I have a gtf file containing only "exon" type records. Each such record specifies the "gene_id" and "transcript_id" For example:

chrI tmp.gp exon 87286 87387 . + . gene_id "SNC1"; transcript_id "SNC1"; exon_number "1"; exon_id "SNC1.1"; chrI tmp.gp exon 87501 87752 . + . gene_id "SNC1"; transcript_id "SNC1"; exon_number "2"; exon_id "SNC1.2";

Now this file can be loaded and correctly displayed (with transcript_id annotation) on the UCSC Genome Browser.

Indeed, to generate a kallisto target index, I loaded that gtf file, then used the Table Browser to extract the transcript sequences into a fasta file containing the sequences for each transcript_id.

But if I use the above gtf file as the --gtf option with --genomebam, the output file (pseudoalignments.bam) has no coordinates. That is, all bam records start like this:

E00503:224:HC333CCX2:2:1203:24160:2979 67 * 0 0

When using --pseudobam, the transcript_ids in the alignment records, as well as in the '@SQ' header lines, match the transcript_ids in the gtf, which shows that the fasta and kallisto index are in agreement with the gtf definitions.

There have been various questions about this in the forum, but using trial and error to figure out what should be in the gtf could be averted with some additional documentation. I still don't know what is missing/incorrect.

Thanks for your attention, /Sol Katzman

SolKatzman commented 1 year ago

Perhaps I can clarify with a bit more detail regarding one (paired-end) read and 2 isoforms of one gene.

Here are the gtf entries for the SNC1 (2 exons) and SNC1_2 (single exon) isoforms of the SNC1 gene:

chrI tmp.gp exon 87286 87387 . + . gene_id "SNC1"; transcript_id "SNC1"; exon_number "1"; exon_id "SNC1.1"; chrI tmp.gp exon 87501 87752 . + . gene_id "SNC1"; transcript_id "SNC1"; exon_number "2"; exon_id "SNC1.2"; chrI tmp.gp exon 87286 87752 . + . gene_id "SNC1"; transcript_id "SNC1_2"; exon_number "1"; exon_id "SNC1_2.1";

And here are the results for a single paired end read in

pseudobam: E00503:224:HC333CCX2:2:2107:17178:38456 339 SNC1_2 1 255 29S91M = 1 -145 E00503:224:HC333CCX2:2:2107:17178:38456 419 SNC1_2 1 255 54S66M = 1 145 E00503:224:HC333CCX2:2:2107:17178:38456 83 SNC1 1 255 29S91M = 1 -145 E00503:224:HC333CCX2:2:2107:17178:38456 163 SNC1 1 255 54S66M = 1 145

genomebam: E00503:224:HC333CCX2:2:2107:17178:38456 67 * 0 0 120M * 0 0 E00503:224:HC333CCX2:2:2107:17178:38456 131 * 0 0 120M * 0 0

SolKatzman commented 1 year ago

I have done various experiments to determine what is required in the gtf. Here is my best estimate of how kallisto processes the gtf in order to generate the genomebam. Perhaps the authors can confirm this.

It seems like kallisto looks for "transcript type" records and then scans the subsequent "exon type" records until the next "transcript type" record. It does not look at the gtf "attributes" of the exons, specifically not relying on the attributes such as:

"transcript_id", "exon_number", "exon_id".

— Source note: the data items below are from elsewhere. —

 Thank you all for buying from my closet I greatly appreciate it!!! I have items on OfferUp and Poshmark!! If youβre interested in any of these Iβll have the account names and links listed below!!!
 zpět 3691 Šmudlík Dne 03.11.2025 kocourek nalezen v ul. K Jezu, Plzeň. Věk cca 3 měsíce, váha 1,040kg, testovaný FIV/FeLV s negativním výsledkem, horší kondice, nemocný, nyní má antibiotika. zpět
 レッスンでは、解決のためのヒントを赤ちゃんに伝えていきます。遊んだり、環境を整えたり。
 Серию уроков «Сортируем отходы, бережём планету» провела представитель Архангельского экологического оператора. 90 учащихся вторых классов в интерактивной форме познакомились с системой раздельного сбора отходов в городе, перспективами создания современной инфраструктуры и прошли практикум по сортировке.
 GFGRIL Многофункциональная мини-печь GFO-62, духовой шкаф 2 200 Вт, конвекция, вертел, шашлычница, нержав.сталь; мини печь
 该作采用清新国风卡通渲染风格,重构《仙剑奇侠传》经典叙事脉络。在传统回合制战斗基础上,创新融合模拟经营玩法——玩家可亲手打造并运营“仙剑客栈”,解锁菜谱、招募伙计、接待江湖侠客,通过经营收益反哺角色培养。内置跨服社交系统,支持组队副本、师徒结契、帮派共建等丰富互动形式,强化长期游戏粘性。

I will start other posts to indicate how this can cause various errors in the output genomebam. Although it might take too much effort to change the program, I feel that the program should at least be aware of when it is in danger of producing erroneous output and then crash with an error message.

Thank you for your attention. Sol Katzman UCSC Genomics Institute

Yenaled commented 1 year ago

Yes, the GTF file needs to have transcript records. Only having exon records will not work.

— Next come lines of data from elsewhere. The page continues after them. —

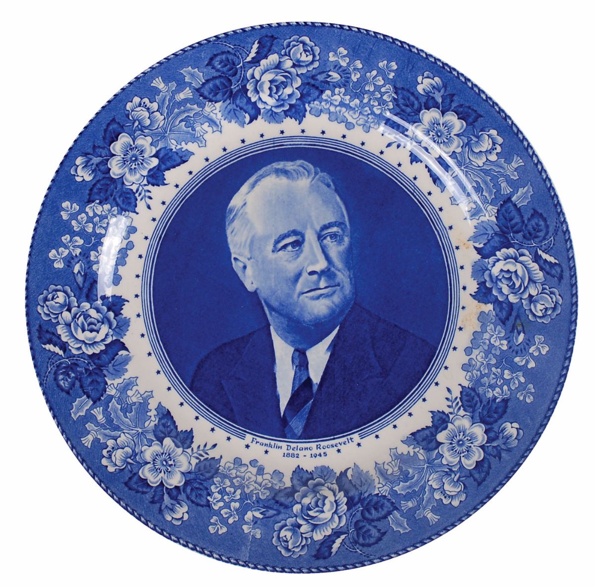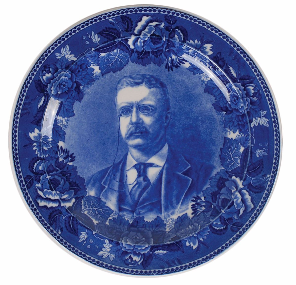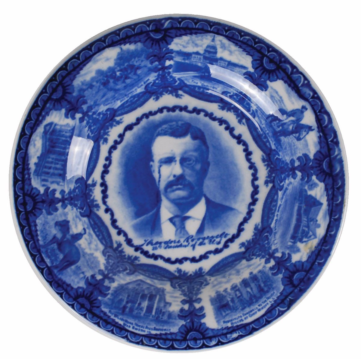 Collection of three white-and-blue plates, measuring between 9? and 10? in diameter, including: one Wedgewood transferware plate depicting Theodore Roosevelt, with an excerpt of an address given at the 1903 Syracuse State Fair on the reverse; one flow blue ceramic plate depicting Theodore Roosevelt; and one Old English Staffordshire transferware plate depicting Franklin D. Roosevelt. In overall fine condition.
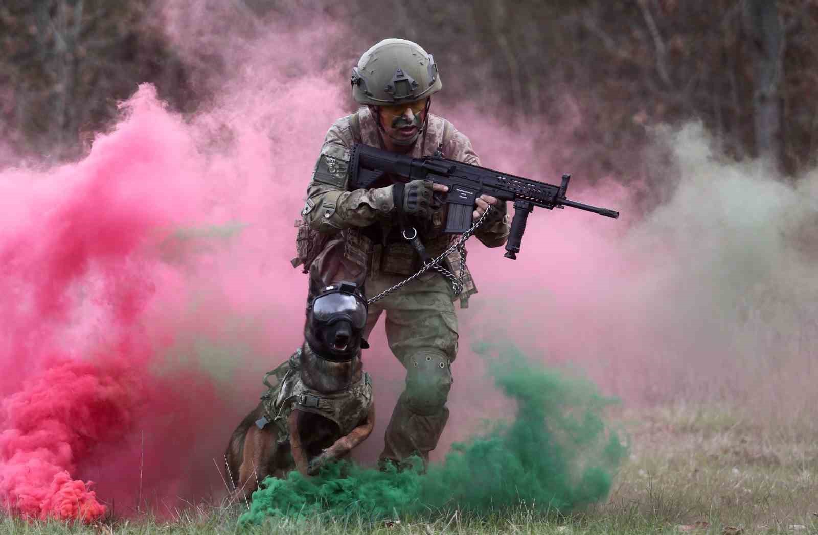 Her türlü arazi şartlarında ve muharebe şartlarında görev yapabilen TSK’nın kahraman köpekleri, görev yerlerinden önce önemli sınavlardan geçiyor. Genellikle Belçika Malinois türünden seçilen ve özenle eğitilen köpekler muharebe safhasından önce, en zor arazi şartlarında mücadele ederek çeşitli görevlere tabi tutuluyor.
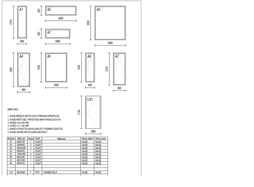| Ehitusmaterjalid: | Töö tegija poolt |
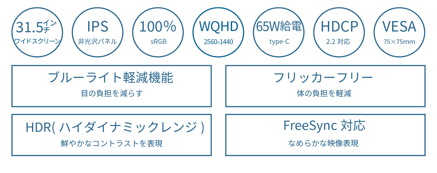 31.5インチのIPSパネルを搭載、WQHD(2560x1440)解像度に対応した液晶モニターです。フルHD(1920x1080)解像度より+78%も高精細でデスクワーク使用時には画面を広く、また写真や動画視聴の際はさらに美しく表示します。
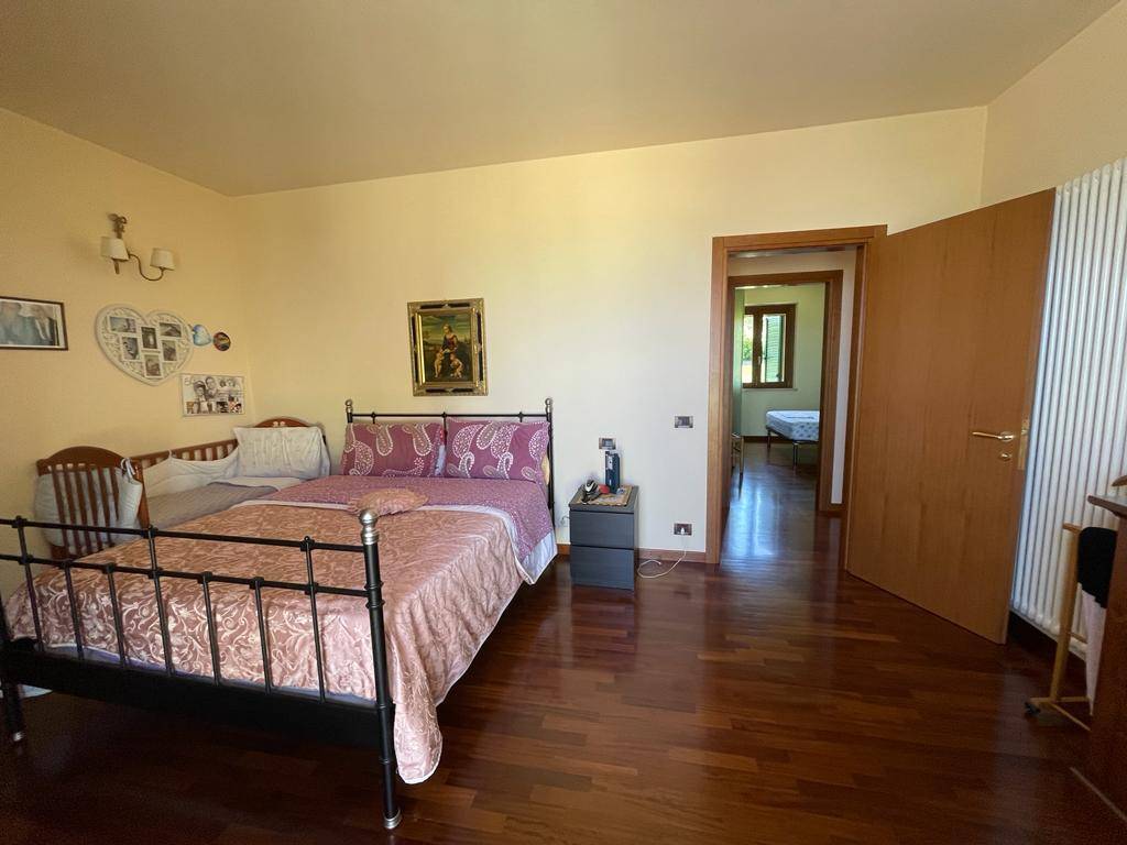 Ampia scala interna in legno che conduce al piano superiore di mq 140 circa, composto da 4 camere da letto di cui 3 matrimoniali, 2 bagni e 2 terrazze panoramiche di complessivi mq 60. La residenza dispone al piano sottotetto di un ampio monolocale raggiungibile esternamente da scala a chiocciola, composto da camera, bagno con doccia e ripostigli vari. La villa contornata da un giardino di mq 2.800 completamente recintato e piantumato, dotato di impianto di irrigazione interrato.

As for fixing kallisto's issue to better handle GTF input (or better documentation of what's necessary in the GTF file), I agree that it would be useful for users of the genomebam feature. That said, we haven't really been actively maintaining genomebam. It was not usable in 0.46.2 but we added it back in 0.48.0 and we have been discussing whether to keep it in the upcoming 0.49.0 (though we likely will). We still consider it an auxillary function of kallisto since kallisto is mostly designed for probabilistic assignment, a model that cannot be used with BAM files. I'm hoping to develop a better solution to producing BAM files (rather than just looking at where mapping k-mers exist along transcripts), integrating the output from BUS files (which is now our standard output) -- in which case I'll update the GTF parser.

Currently, the GTF parsing works with standard GTF files you'd download online from, say, ensembl -- it's just not very good at error-handling, especially for custom GTF files.

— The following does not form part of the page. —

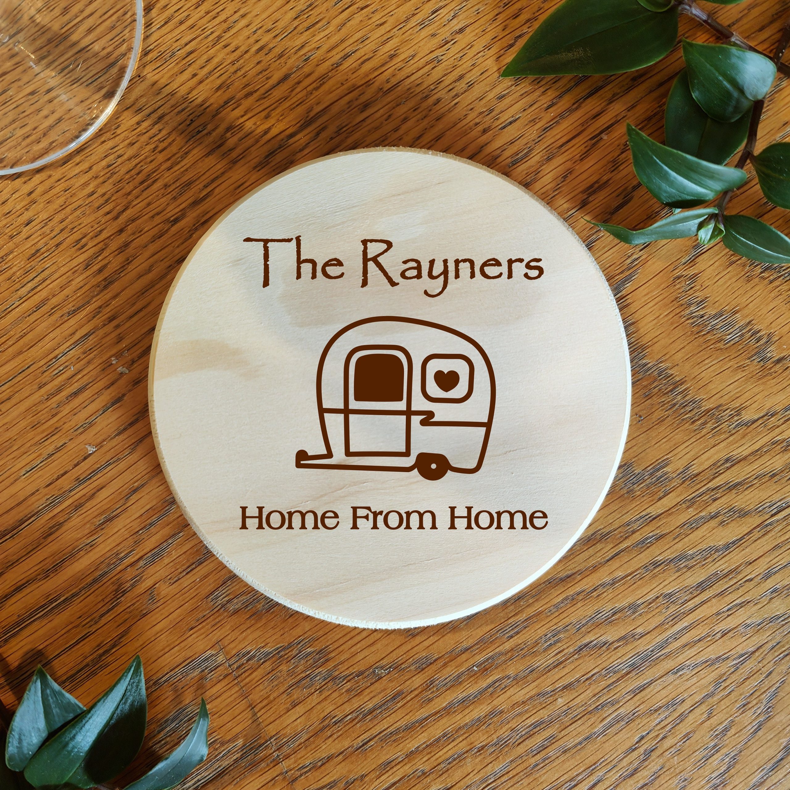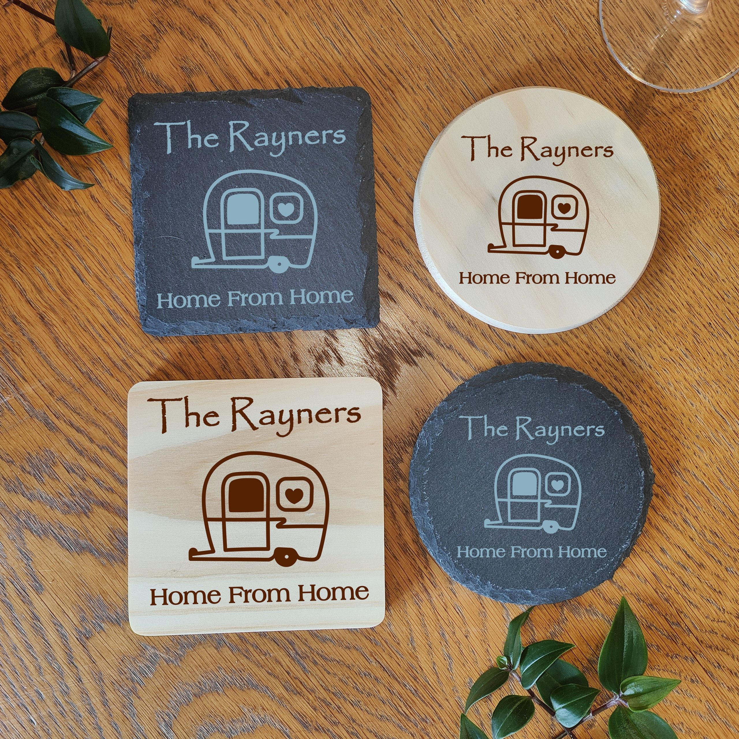 Personalised Caravan Gift Drink Coaster Laser Engraved Wood or Slate ideal gift for Birthday Christmas occasions for Him Her
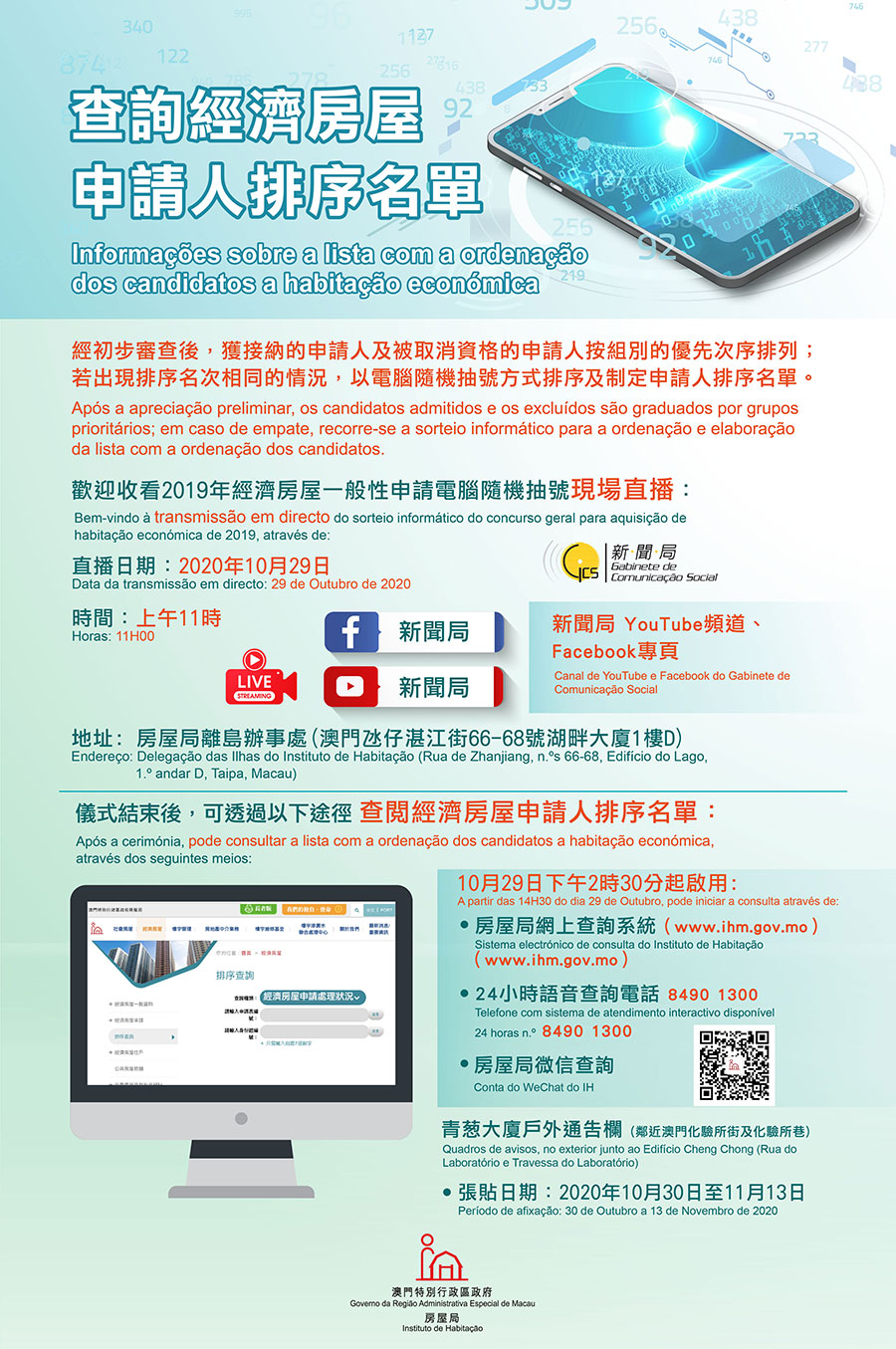 經電腦隨機抽號制定的申請人排序名單由2020年10月30日至11月13日張貼於鄰近澳門化驗所街及化驗所巷的青葱大廈戶外通告欄,供市民於辦公時間內查閱。為方便申請人查閱抽號排序,房屋局明日(29日)下午2時30分起開通網上查詢系統(www.ihm.gov.mo),房屋局微信及24小時語音查詢電話(8490 1300)。

Anyway, just wanted to be honest with you about the state of genomebam.

SolKatzman commented 1 year ago

I appreciate your frank comments about the support for the genomebam feature. I had not used kallisto for several years, so I was excited to see the release notes for v.044.0 which highlighted "BAM!" (and which is why I really would appreciate release note updates on the download page as I noted in issue #366 )

In the same frank spirit, I confess that I have been reluctant to use kallisto without a feature such as genomebam because the PIs that I work for are generally much more comfortable if they can visualize their data on the genome browser. I typically convert STAR bam files into bigWig coverage tracks (using bedtools genomecov). This allows us to look for any anomalies in expected patterns of rnaseq expression. Without such visualization, we can only view kallisto as a black box that might or might not be producing valid results.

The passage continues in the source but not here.